Red Black Tree

Recap of Deletion in a Binary Search Tree

In a Binary Search Tree, we end up deleting a node which is leaf or has one child.

The internal nodes are deleted by replacing it by its inorder successor.

Deletion in a Red Black Tree

Initially, we will delete a node just like we delete a node in a normal binary search tree. Here are the cases we will look at:

1) Red leaf node

2) Black node, with one red child node

3) Black leaf node

• In fithe rst case, the normal binary search tree delete is sufficient. Removing a red node does not change the black depths of any node, nor create a red child for any red node.
• In the second case, after we complete the binary search tree delete, we must simply recolor the child node of the deleted node to black. Changing this color adds one to the black depths of each node in the subtree of the deleted node, restoring the equality of the black depths of all external nodes. Also, changing a node to black does not violate any of the other Red-Black Tree specifications.
• Neither of the strategies mentioned above are adequate for dealing with the third case. Instead, when we patch in the child of the deleted node in this case, in order to temporarily preserve the black depth property, we will color this child node a fictitious "double black" color.
• Before we discuss how to deal with "double black" nodes, let's real quickly justify why the cases above are the only cases we will deal with. First off, we will only delete nodes with 0 or 1 child. Neither colored node can have one black child. If it did, the black height of the node's null child would not be proper. Further more, a red node can NOT have a red child. These observations narrow the cases to the situations listed above.
• The remaining cases with this "double black" node can be categorized as follows:
  1. The sibling of the "double black" node is black and has a red child.
  2. The sibling of the "double black" node is black and both children are black.
  3. The sibling of the "double black" node is red. (Note that initially, even though the double black node is a null node, after starting the recoloring/restructuring process, we may create a double black node that is NOT null.)
• To deal with each of these situations, let's first set up names for all of the important nodes:
  1. Let the child of the deleted node, which is colored "double black" be r.
  2. Let y be the sibling of r.
  3. Let z be a child of y, in each case, the specific child will be designated.
  4. Let x be the parent of y.

Case 1: y is black and has a red child z.
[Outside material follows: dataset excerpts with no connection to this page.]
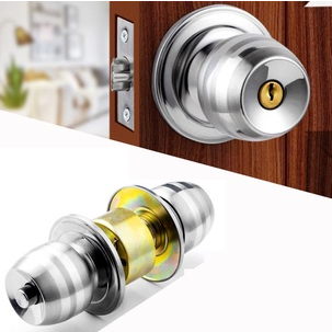 Door Knobs Handle Passage Entrance Lock Stainless Steel Door Knob Lock Entry with 3 Keys Round Ball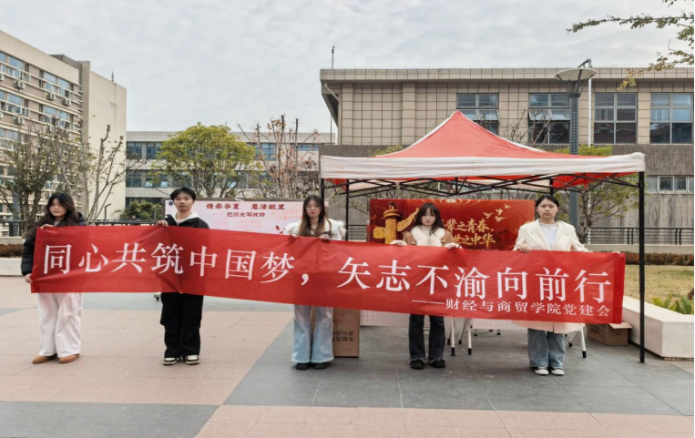 为深入学习贯彻红色精神,厚植青年学生爱国爱党情怀,近日,财经与商贸学院党建会在校内广场举办以“同心共筑中国梦,矢志不渝向前行”为主题的红色精神宣传活动。本次活动以沉浸式互动、趣味化体验的形式,将红色文化与青年生活紧密结合,成为校园里一道亮眼的红色风景线。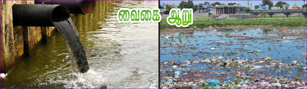 வைகை ஆற்றில் கழிவுநீர் கலக்கப்படுவதை தடுக்க கோரி, மதுரையை சேர்ந்த நாகராஜன் உயர் நீதிமன்ற மதுரை கிளையில், மாவட்ட ஆட்சியர்கள் மீது நீதிமனற் அவமதிப்பு நடவடிக்கை எடுக்க வலியுறுத்தி மனு தாக்கல் செய்திருந்தார். அவரது ” வைகை ஆறு தேனி மாவட்டம் வருசநாடு பகுதியில் உற்பத்தியாகி, தேனி, திண்டுக்கல், மதுரை, சிவகங்கை, ராமநாதபுரம் ஆகிய மாவட்டங்கள் வழியாக சென்று கடலில் கலக்கிறது. வைகையில் தேனி, மதுரை, ராமநாதபுரம் உள்ளிட்ட பகுதியில் கழிவுநீர் கலக்கிறது.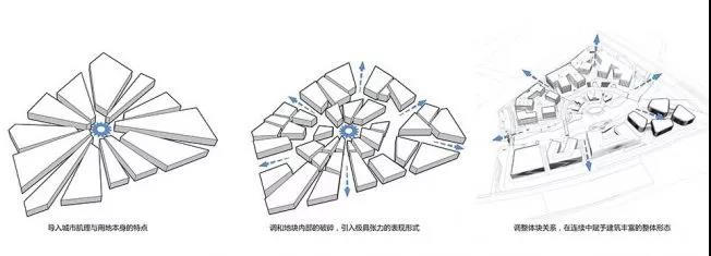 ▼以中心景觀為“爆炸質點”,周圍建筑呈碎片形式散落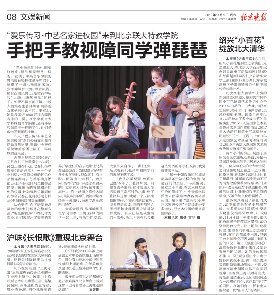 11月8日,“爱乐传习——中乐名家进校园”2019年系列公益文化教育活动成功举行,AC米兰中文官网弹拨乐团受邀赴北京联合大学特殊教育学院成功举办专场音乐会。本场音乐会的观众是北京联合大学特殊教育学院的学生们,他们多数是视障学生,主要来自钢琴调律和按摩专业。AC米兰中文官网弹拨乐团的师生们,用精心设计的音乐会,为观众们打开了一扇心灵之窗,以音乐为桥梁,和学生们进行了一次心灵的对话。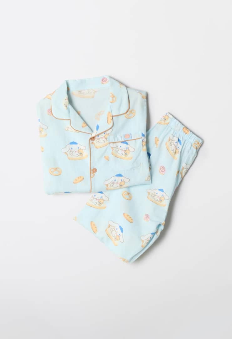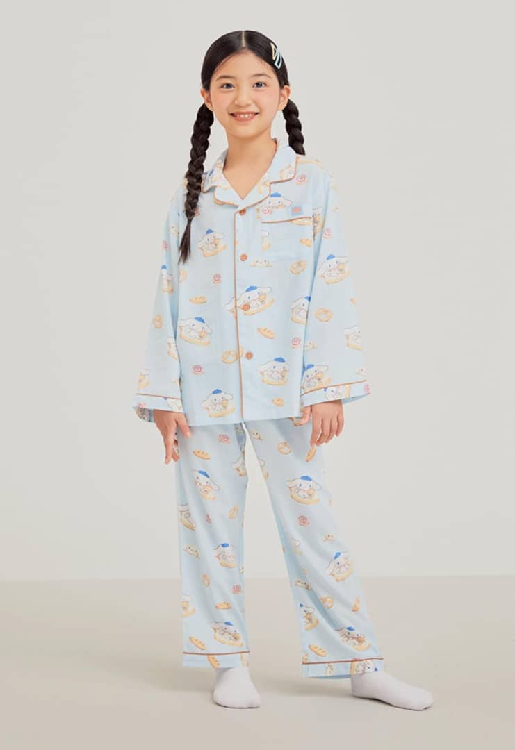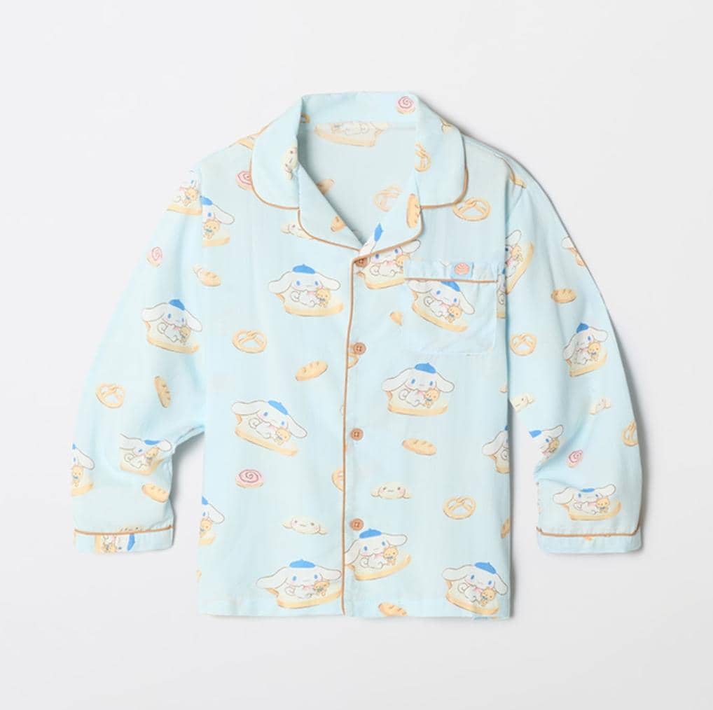 Drift off to dreamland in style with this adorable Cinnamoroll pajama set. This charming sleepwear features a light blue background adorned with delightful Cinnamoroll and baked goods patterns, perfect for adding a touch of whimsy to your nighttime routine. The set includes a button-down long-sleeve top and matching long pants, both designed for ultimate comfort and relaxation. Made from soft, breathable fabric, this pajama set ensures a cozy and restful night's sleep. The playful design and comfortable fit make it an ideal choice for Cinnamoroll fans of all ages. Whether you're lounging around the house or settling in for the night, this pajama set will keep you feeling snug and stylish. The button-down top allows for easy wear, while the elastic waistband on the pants provides a secure and comfortable fit. This pajama set is not only perfect for personal use but also makes a thoughtful gift for friends and family who adore Cinnamoroll. Embrace the cuteness and comfort of this Cinnamoroll pajama set and make bedtime a delightful experience. Key Features: * Charming Cinnamoroll and baked goods pattern * Soft, breathable fabric for ultimate comfort * Button-down long-sleeve top for easy wear * Matching long pants with elastic waistband * Light blue background for a soothing aesthetic * Perfect for lounging and sleeping * Ideal gift for Cinnamoroll fans

This case corresponds to the transfer operation in a 2-4 Tree delete. Take the nodes, x, y, and z and relabel them a, b, and c, in their inorder ordering. Place b where x used to be, and then have a and c be the left and right children of x, respectively. Color a and c black, and color b whatever color x USED to be. This eliminates the "double black" problem, so we can stop here.

Case 2: y is black and both of its children are as well.

This case corresponds to a fusion operation in a 2-4 Tree. We deal with this case by just recoloring, instead of making any structural changes to the tree. In particular, we will color r black, (changing it from "double black") and then color y red. What this does is subtract one from the black depth of every external node in the subtree of x. To compensate for this, we must change x from red to black. BUT, this only works if x was red to begin with!!! If it's not, to maintain the "black depth" at the external nodes in the subtree rooted at x, we must color x "double black." In essence, if this occurs, we have pushed the "double black" node up the tree, much like a fusion operation can propogate another fusion operation.